COLLECTED DATA below:

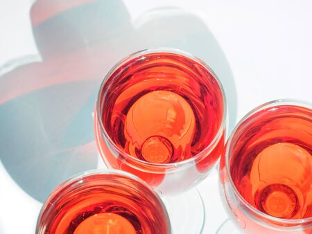 pink wine in glasses and bottle close up, top view with shadows overlay
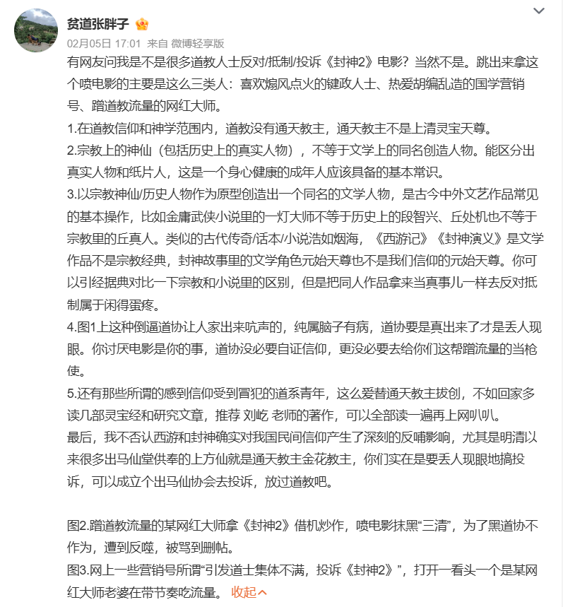 **更荒誕之處在於,對於人物設定的不滿,愈演愈烈,隨後竟然發展成了又一“獵巫”行動。**一些打着道士幌子的人士,聲稱《封神2》的角色塑造涉嫌侮辱道教,甚至向道教協會發起投訴。引得真正的道教人士出來澄清闢謠,直指“能區分出真實人物和紙片人,這是一個身心健康的成年人應該具備的基本常識。”
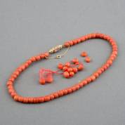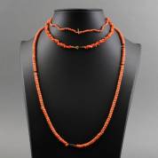 Drie strengen bloedkoraal, één splitkralen aan onedele sluiting, één met kleine kralen aan14kt gouden kapittelslot, en één met kaaskralen aan zilveren veerring, langste collier 76 cm

End of COLLECTED DATA.

EXERCISE BRIEF
What is needed is the whole listing again, exactly as written, with the images left out.

EXERCISE OUTPUT
 pink wine in glasses and bottle close up, top view with shadows overlay
 **更荒誕之處在於,對於人物設定的不滿,愈演愈烈,隨後竟然發展成了又一“獵巫”行動。**一些打着道士幌子的人士,聲稱《封神2》的角色塑造涉嫌侮辱道教,甚至向道教協會發起投訴。引得真正的道教人士出來澄清闢謠,直指“能區分出真實人物和紙片人,這是一個身心健康的成年人應該具備的基本常識。”
 Drie strengen bloedkoraal, één splitkralen aan onedele sluiting, één met kleine kralen aan14kt gouden kapittelslot, en één met kaaskralen aan zilveren veerring, langste collier 76 cm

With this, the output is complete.